I think this view is both non-sensical and anti-democratic, and I'm a a Democrat! While the media has shown token interest in the fact that Romney has not grown his support in Iowa over 2008 (where he lost by 9 points (35-24) to Governor Mike Huckabee), that has not stopped them from feeding the narrative of a victory with the same (or lower) support as four years ago will be a resounding triumph. Moreover, the ebb and flow of primary opponents to Romney indicates a deep vein of hostility toward his candidacy and a searching, by the conservatives within the Republican party, for a viable alternative to him.
The other underreported story of the campaign thus far is the modest fundraising that these candidates have generated versus their predecessors in 2008, a year when Republican enthusiasm was far lower after eight years of George W. Bush. While some of that money may be flowing to the so-called "Super PACs" that are themselves becoming a story (and a political force) in 2012, the reality is also that there is a lot of money sitting on the sidelines looking to be directed at someone other than Mitt Romney. It's certainly plausible to think that significant dollars will flow to Santorum, Gingrich or Perry as the campaign continues and, as noted above, delegates are apportioned in these early races, so there is less incentive to get out based on mathematical inability to collect the delegates needed to win the nomination.
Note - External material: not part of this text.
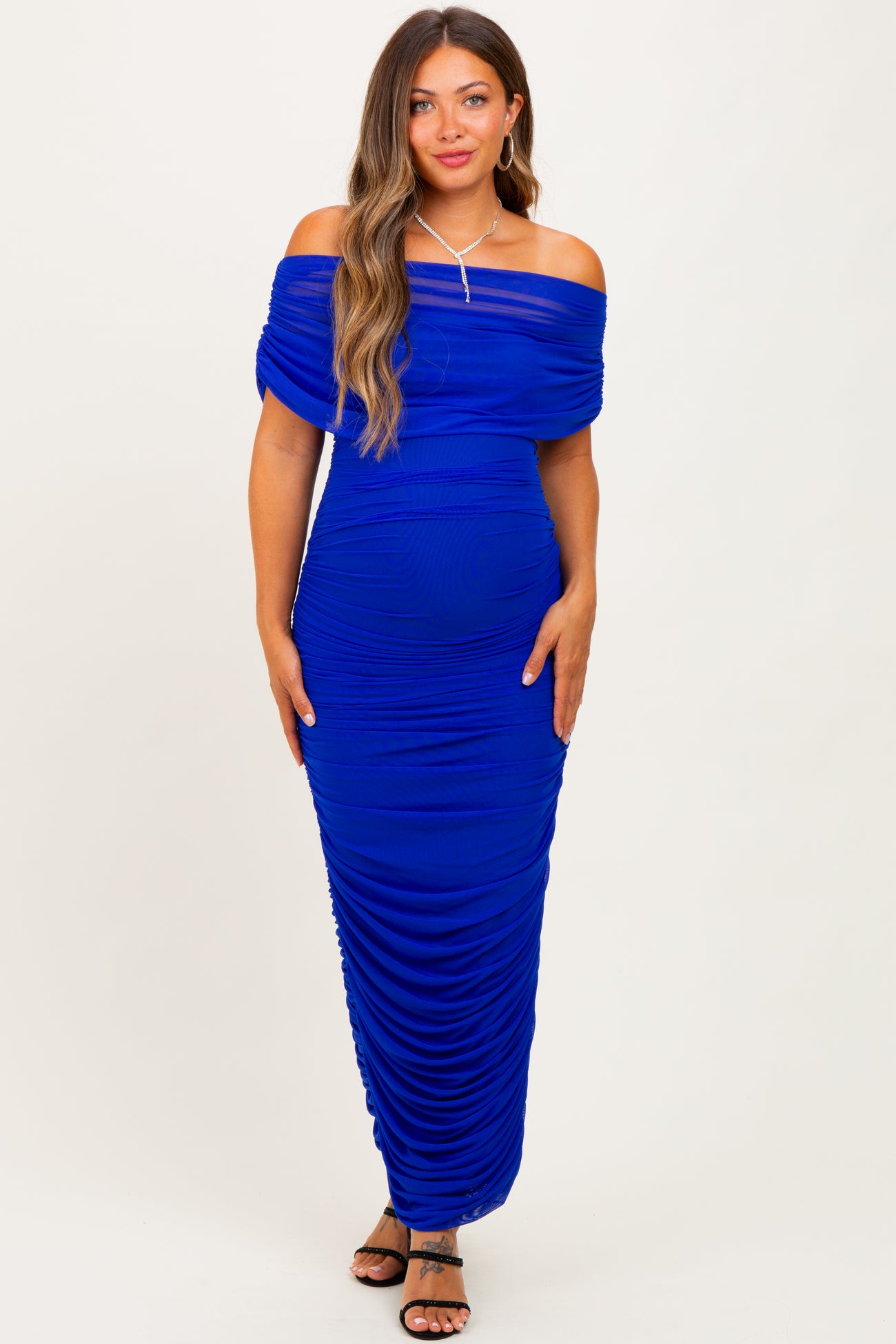 Royal Ruched Mesh Foldover Off Shoulder Maternity Maxi Dress

Also, big states, particularly in the south and west, loom in the future - terrain that is far more hospitable to the more socially conservative candidates in the race.
Finally, the other reason I don't put a lot of credence on the inevitability of Mitt Romney (my prior post - http://scarylawyerguy.blogspot.com/2011/10/bush-2016.html - notwithstanding) is that he appears to be a candidate who suffers from being liked less the more people see of him. My favorite Mitt Romney statistic is that his name has been on a ballot (primary, caucus, general election) 22 times since 1994 and of those 22 elections, he's won 5 and lost 17. If you're scoring at home, that's a less than .250 winning percentage. Simply put, there is something about this guy that average voters in the Republican party simply do not like.
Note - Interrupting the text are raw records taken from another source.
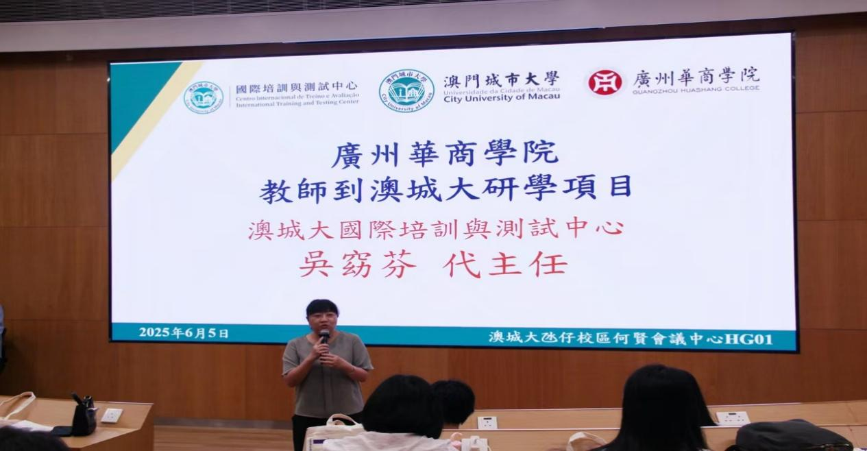 上午9点半,参访活动在澳门城市大学会议中心正式拉开帷幕。澳门城市大学国际培训与测试中心代主任吴窈芬女士首先致欢迎辞。她表示:"澳门城市大学始终秉持开放办学的理念,积极推动与粤港澳大湾区高校的交流合作。此次广州华商学院老师代表的到访,为两校未来的深度合作奠定了良好基础。"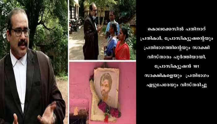 കൊലക്കേസിൽ പതിനാറ് പ്രതികൾ. പ്രോസിക്യൂഷന്റെയും പ്രതിഭാഗത്തിന്റെയും സാക്ഷി വിസ്താരം പൂർത്തിയായി. പ്രോസിക്യൂഷൻ 101 സാക്ഷികളെ വിസ്തരിച്ചു. പ്രതിഭാഗം എട്ടുപേരേയും.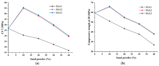 Effect of substitution ratio of cement on mechanical properties of mortar at 7 and 28 days (a) compressive strength at 7 days and (b) compressive strength at 28 days.

While it is true that Republicans tend to go for the establishment candidate, the 2012 Republican electorate is more conservative than the 2008 version that grudgingly went for McCain, in part because of the "winner take all" nature of the early primaries, and establishment momentum from New Hampshire (where Romney lost by 5 points and now has to contend with Governor Jon Huntsman, who is attempting to rekindle the McCain model and may hurt Romney), South Carolina (where Romney finished 4th, behind even the somnolent Senator Fred Thompson) and Florida (where Romney lost to McCain by 5 points). In short, the primary calendar poses the same obstacles to Romney that they did in 2008; however, here, he is banking on his ability to raise and spend money in greater amounts than his opponents. While that might be true, it is also true that Romney has been unscathed by negative campaigning thus far, something sure to change, regardless of how tomorrow's caucuses turn out.
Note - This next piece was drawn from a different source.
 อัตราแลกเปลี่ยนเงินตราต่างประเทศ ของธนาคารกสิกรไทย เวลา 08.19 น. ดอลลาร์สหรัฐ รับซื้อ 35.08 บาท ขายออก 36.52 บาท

Back-to-back debates next weekend and the inevitable scrutiny of Romney's weaknesses that have thus far been ignored by the media will also pose challenges to his campaign's preference to focus on the former Governor's inevitability. The fact that his support will remain flat in Iowa, that he may underperform in New Hampshire and lose South Carolina will, eventually, force the narrative to one that questions whether Romney is as inevitable as his campaign wants everyone to believe he is. At that point, the race will truly begin.